From the listing below, output the lines between the one with "据悉,本届五一书画艺术节主要" and the one with "随着事件的发酵,社交媒体上已", including those two, and nothing else. Pictures are not copied.

- [RECORDS SHOWN]
[Start of Attachment]
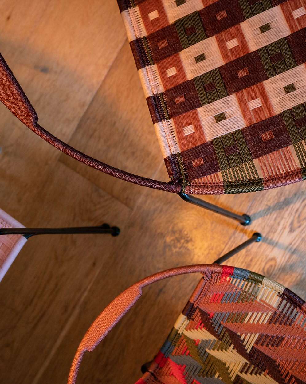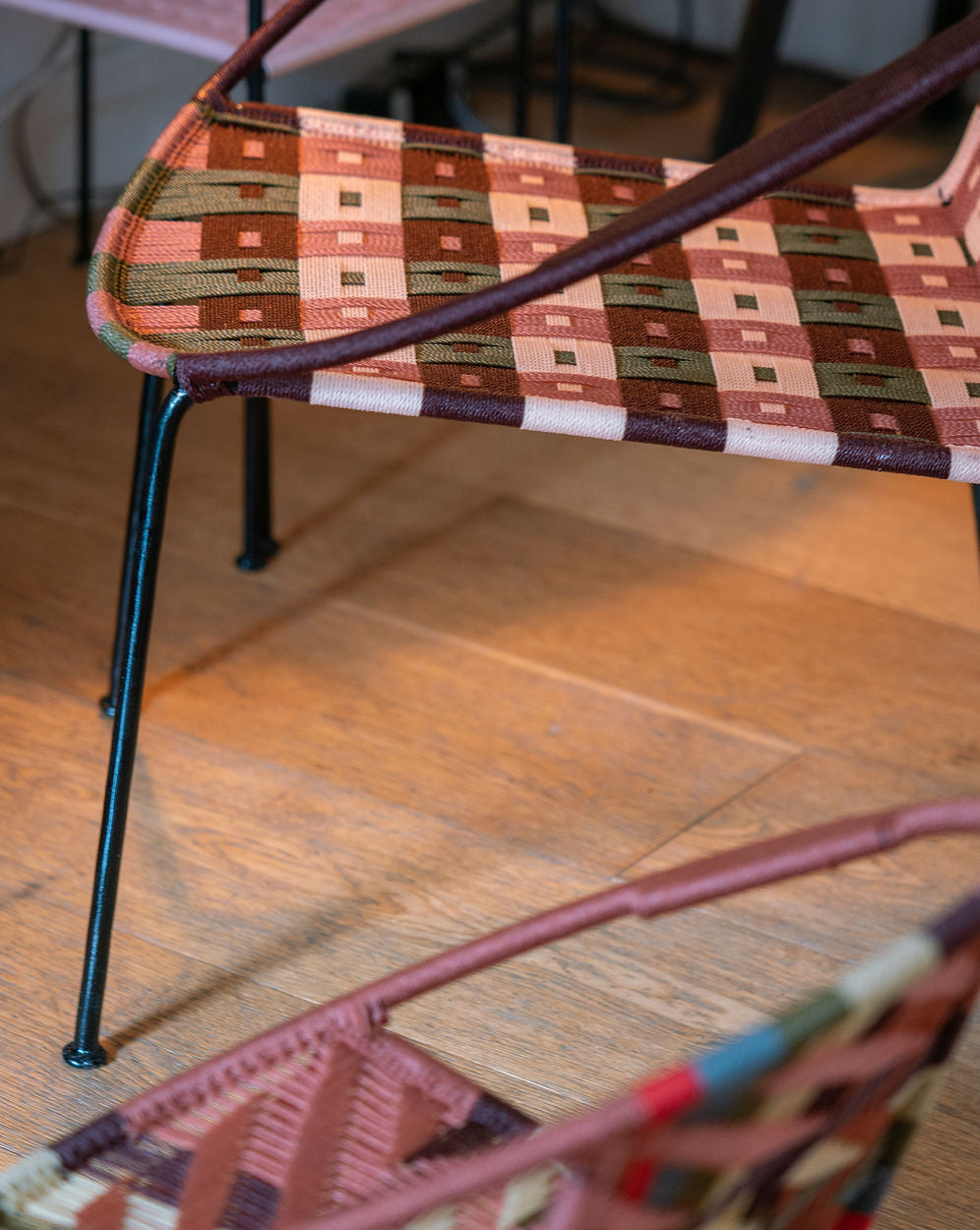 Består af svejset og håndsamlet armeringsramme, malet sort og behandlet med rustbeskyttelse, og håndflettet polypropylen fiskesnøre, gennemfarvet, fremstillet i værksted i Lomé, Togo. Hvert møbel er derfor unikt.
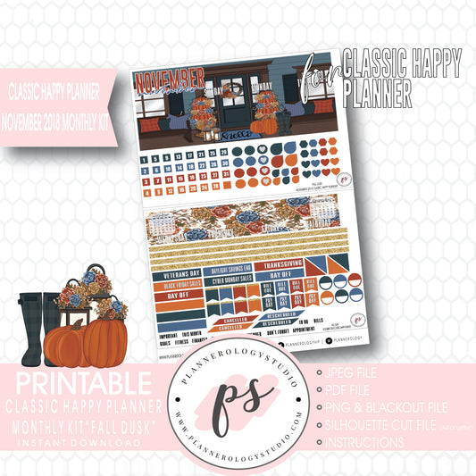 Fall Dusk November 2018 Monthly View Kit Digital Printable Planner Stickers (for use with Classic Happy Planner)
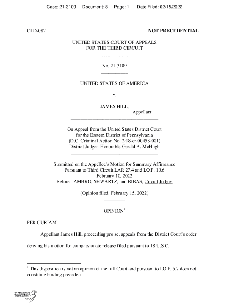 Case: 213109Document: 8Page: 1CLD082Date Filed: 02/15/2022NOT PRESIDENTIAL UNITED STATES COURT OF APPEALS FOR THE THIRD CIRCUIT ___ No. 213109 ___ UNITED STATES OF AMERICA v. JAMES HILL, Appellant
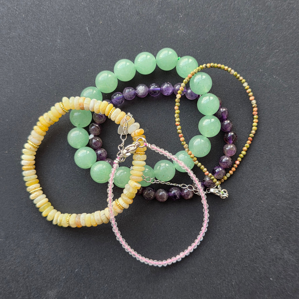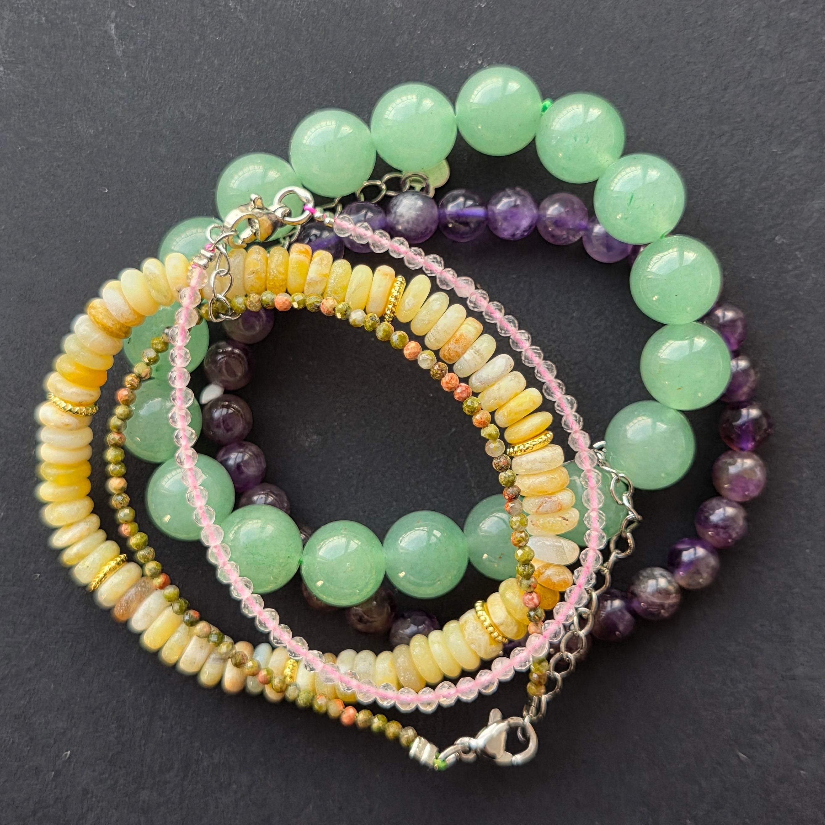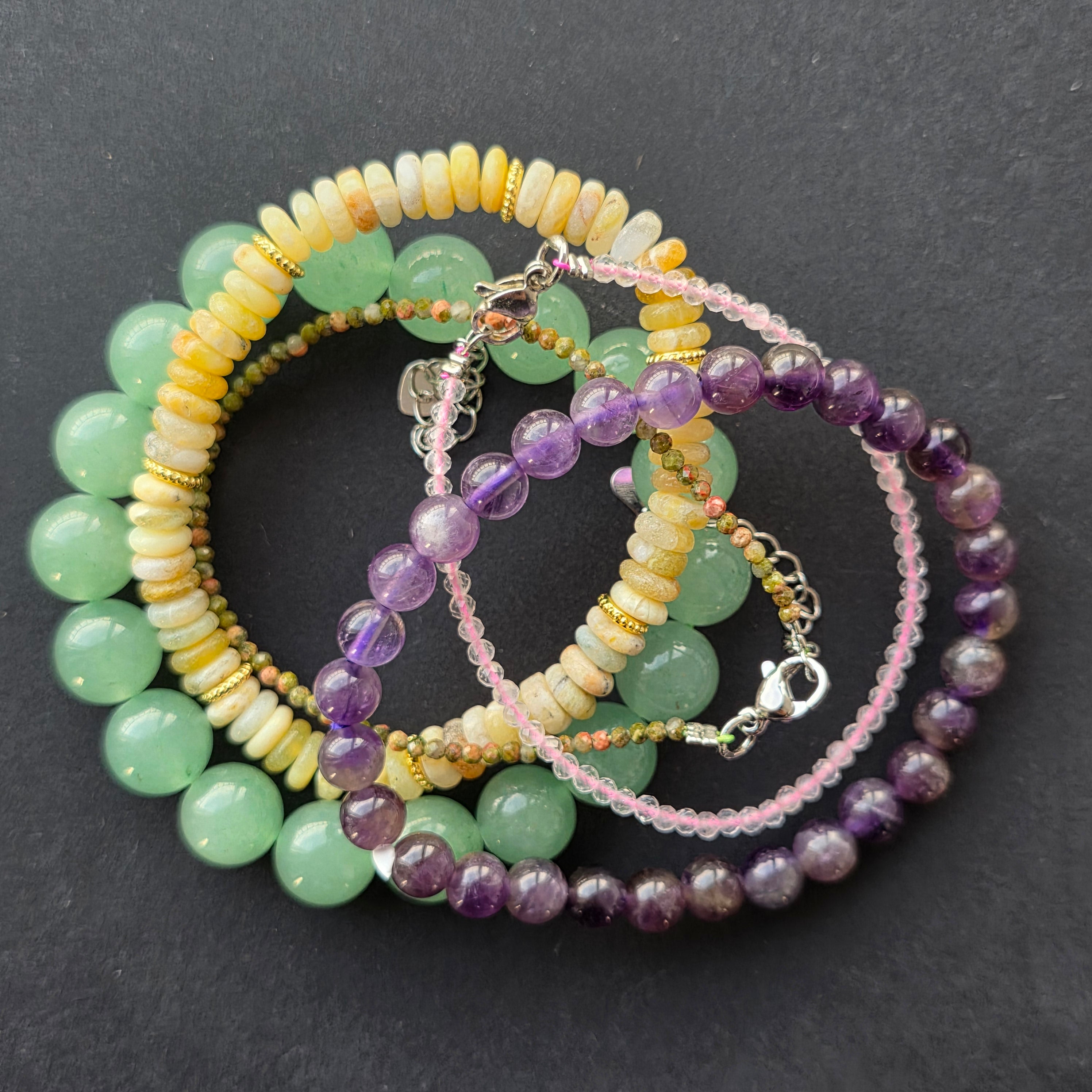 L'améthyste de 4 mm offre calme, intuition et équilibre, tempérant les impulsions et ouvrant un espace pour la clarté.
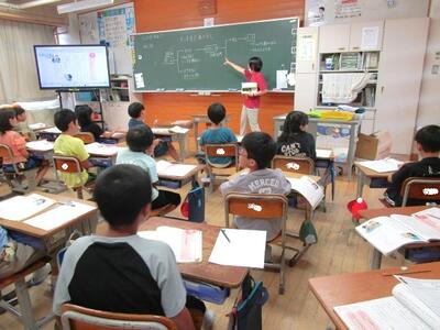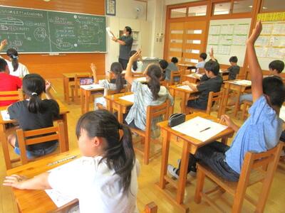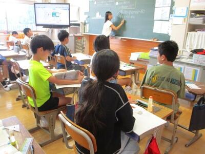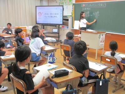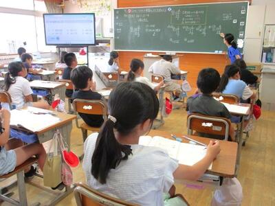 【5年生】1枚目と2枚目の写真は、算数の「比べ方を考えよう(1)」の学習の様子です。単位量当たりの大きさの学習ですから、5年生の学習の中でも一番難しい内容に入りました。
[End of Attachment]
[Start of Attachment]
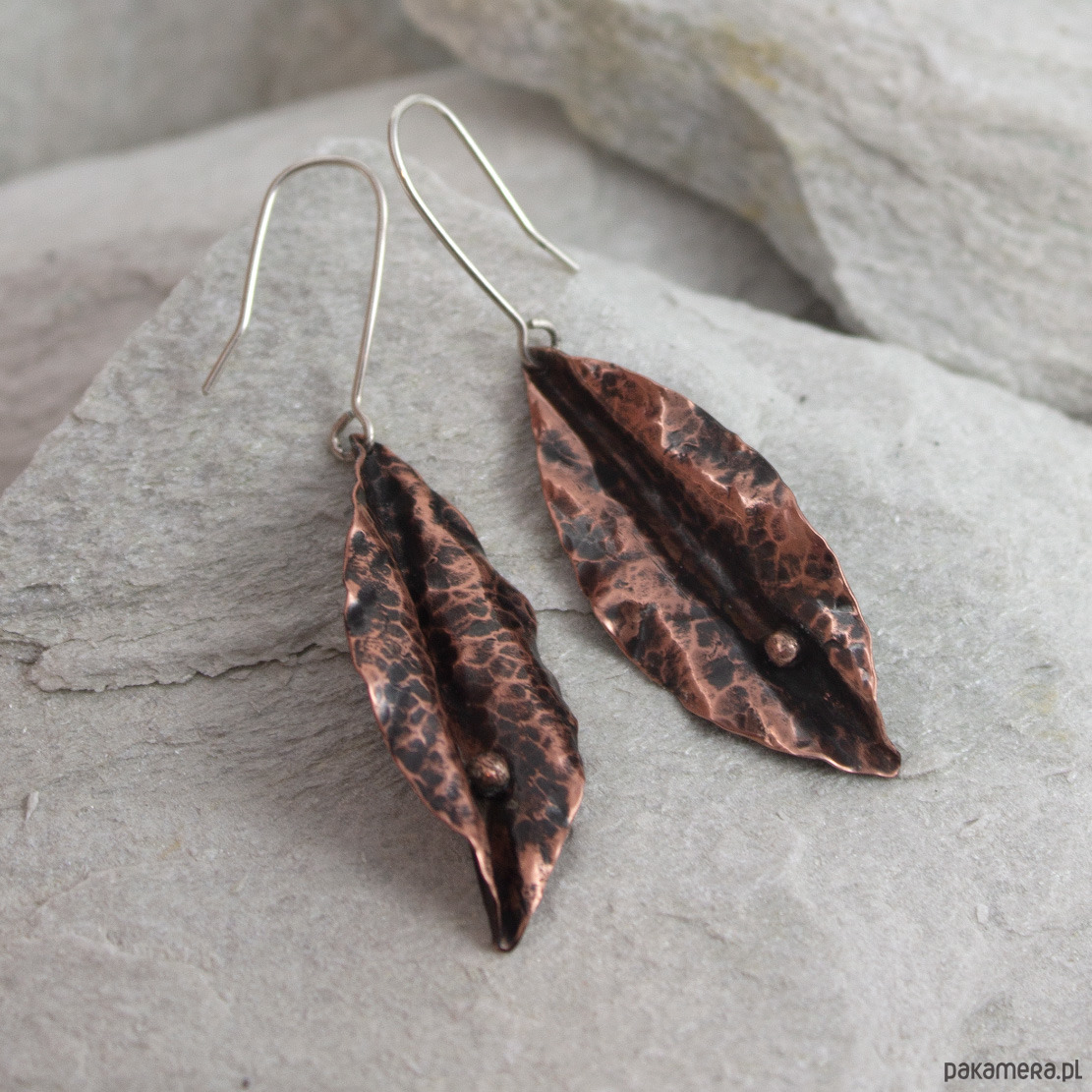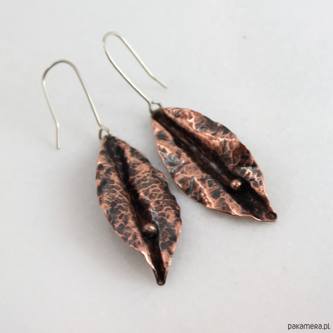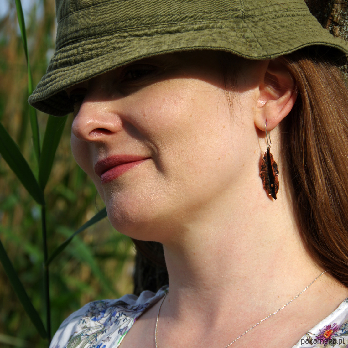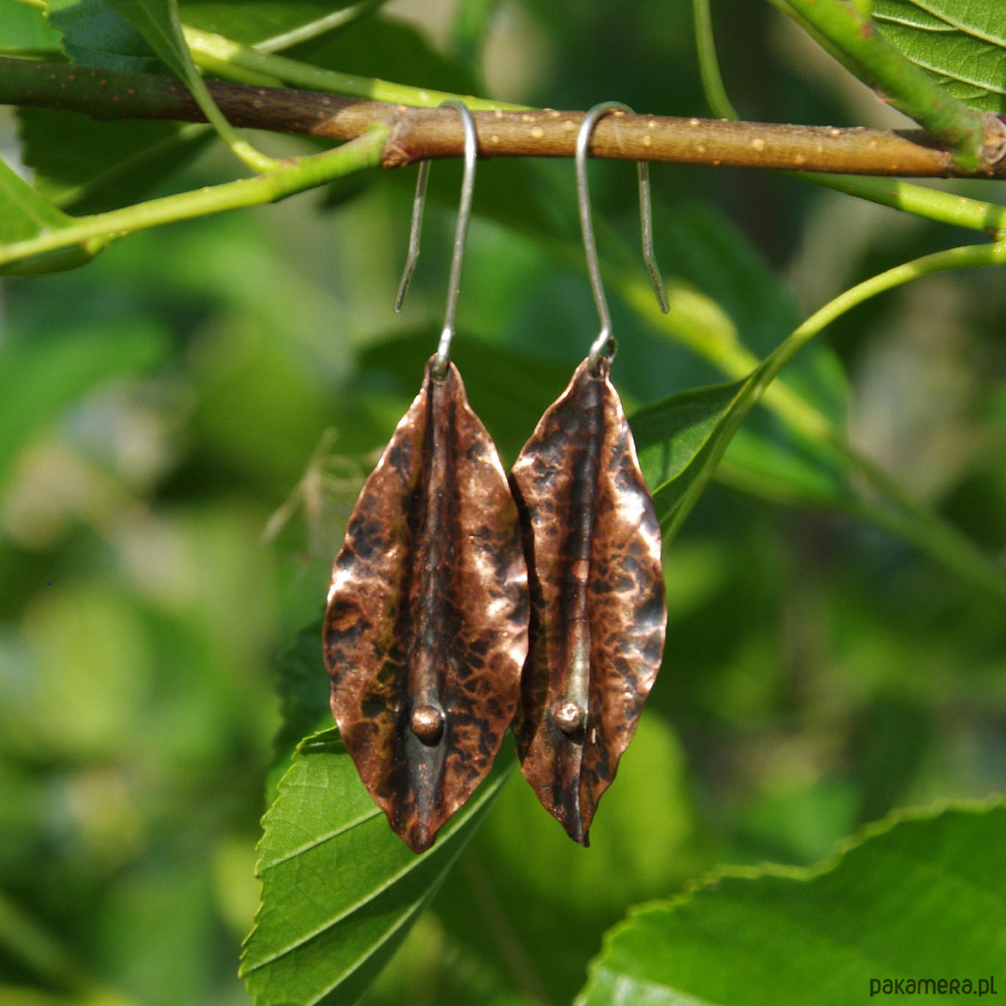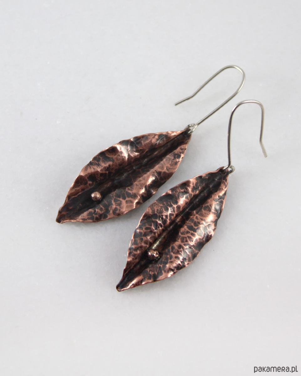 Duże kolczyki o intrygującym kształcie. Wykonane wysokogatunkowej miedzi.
[End of Attachment]
[Start of Attachment]
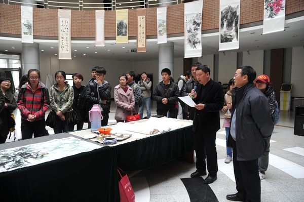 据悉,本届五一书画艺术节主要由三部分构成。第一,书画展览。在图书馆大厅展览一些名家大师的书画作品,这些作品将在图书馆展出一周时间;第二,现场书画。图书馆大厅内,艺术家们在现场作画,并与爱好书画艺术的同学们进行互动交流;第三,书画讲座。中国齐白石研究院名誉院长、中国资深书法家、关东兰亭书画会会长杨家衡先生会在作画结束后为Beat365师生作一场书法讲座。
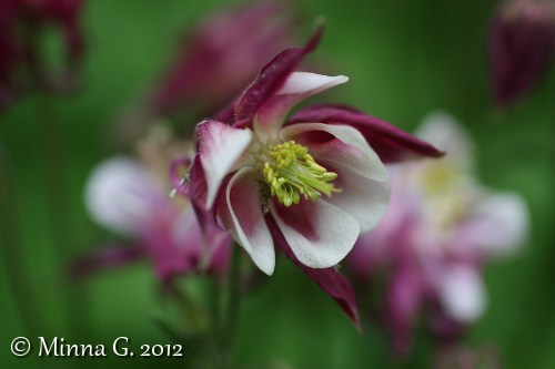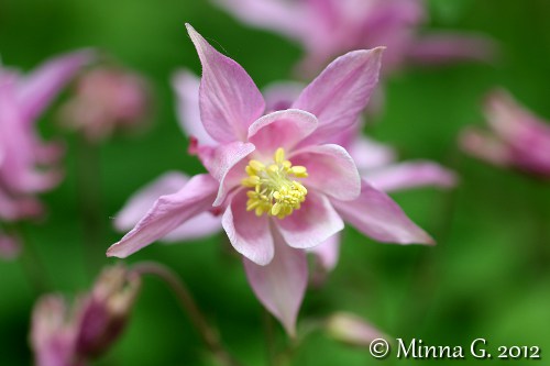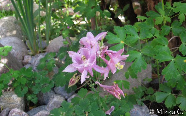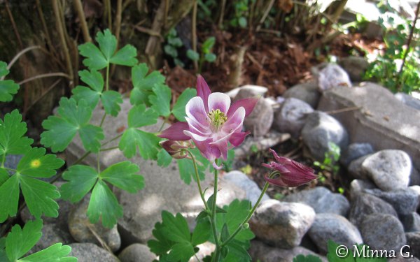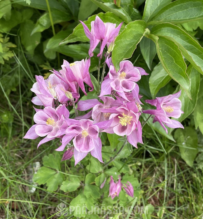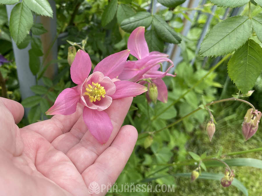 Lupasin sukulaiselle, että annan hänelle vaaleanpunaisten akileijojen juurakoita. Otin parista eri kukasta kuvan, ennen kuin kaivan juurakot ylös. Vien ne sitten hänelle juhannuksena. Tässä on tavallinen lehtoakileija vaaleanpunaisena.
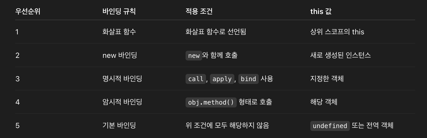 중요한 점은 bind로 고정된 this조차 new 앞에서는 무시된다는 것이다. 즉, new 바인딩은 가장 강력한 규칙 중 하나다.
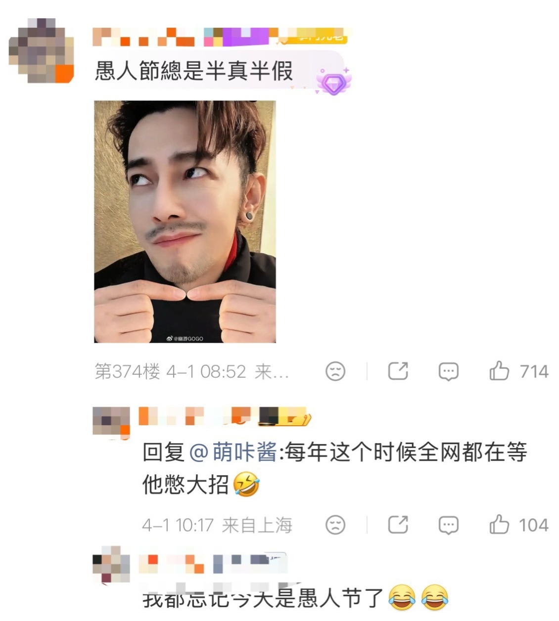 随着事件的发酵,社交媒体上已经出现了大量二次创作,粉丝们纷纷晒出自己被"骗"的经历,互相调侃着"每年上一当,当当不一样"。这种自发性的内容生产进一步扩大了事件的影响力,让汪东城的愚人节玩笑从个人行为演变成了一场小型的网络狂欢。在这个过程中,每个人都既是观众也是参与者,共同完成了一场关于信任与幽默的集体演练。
[End of Attachment]
- [SOLVED PROBLEM]
 据悉,本届五一书画艺术节主要由三部分构成。第一,书画展览。在图书馆大厅展览一些名家大师的书画作品,这些作品将在图书馆展出一周时间;第二,现场书画。图书馆大厅内,艺术家们在现场作画,并与爱好书画艺术的同学们进行互动交流;第三,书画讲座。中国齐白石研究院名誉院长、中国资深书法家、关东兰亭书画会会长杨家衡先生会在作画结束后为Beat365师生作一场书法讲座。
 Lupasin sukulaiselle, että annan hänelle vaaleanpunaisten akileijojen juurakoita. Otin parista eri kukasta kuvan, ennen kuin kaivan juurakot ylös. Vien ne sitten hänelle juhannuksena. Tässä on tavallinen lehtoakileija vaaleanpunaisena.
 중요한 점은 bind로 고정된 this조차 new 앞에서는 무시된다는 것이다. 즉, new 바인딩은 가장 강력한 규칙 중 하나다.
 随着事件的发酵,社交媒体上已经出现了大量二次创作,粉丝们纷纷晒出自己被"骗"的经历,互相调侃着"每年上一当,当当不一样"。这种自发性的内容生产进一步扩大了事件的影响力,让汪东城的愚人节玩笑从个人行为演变成了一场小型的网络狂欢。在这个过程中,每个人都既是观众也是参与者,共同完成了一场关于信任与幽默的集体演练。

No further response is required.